Training for a Brevet & Double Century, Part 2

Training for a fast brevet or double century.

by Coach John Hughes

John Hughes is the author of Anti-Aging: 12 Ways to You Can Slow the Aging Process and of the book Distance Cycling. He has written 40 articles on training, nutrition, psychology and medical issues for RoadBikeRider.com. He is a veteran of Paris-Brest-Paris ’79, ’87, ’91, ’95, ’99, Boston-Montreal-Boston ’92 (course record), Rocky Mountain 1200 ’04, Furnace Creek 508 ’89 (course record) and ’93 (first place) and the Race Across America ’96. More about Coach Hughes.
© John Hughes, All Rights Reserved

[ Training for a   Pt. 1 Brevet or Double Century   |  Pt. 2 Fast Brevet or Double Century ]
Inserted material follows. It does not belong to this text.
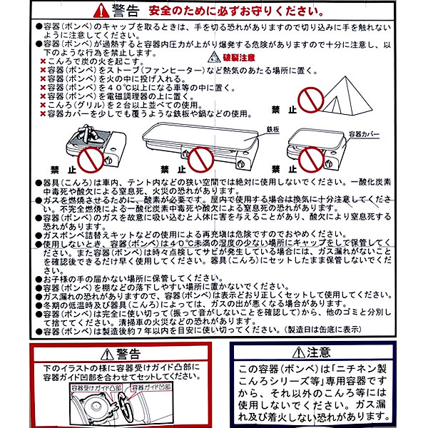 この容器(ボンベ)は「ニチネン製こんろシリーズ等」専用容器ですから、それ以外のこんろ等には使用しないでください。ガス漏れ及び着火しない恐れがあります。

In the first article, I described how to train for a one-day event: the general principles and the training phases. What if you want to set a PR? Let’s look at how to train for a fast double or brevet.

Energy Systems
When we do a long ride, we use three different energy systems and we have to train each energy system differently. The systems are:

  • Fat-burning: at low to moderate intensities, we burn primarily stored body fat for fuel. Our endurance depends on how much body fat we have (usually not a problem!), our supply of the enzymes necessary to metabolize the fat, and our supply of mitochondria—where the enzymes metabolize the fat—within our muscles. We develop enzymes and mitochondria through long, slower rides.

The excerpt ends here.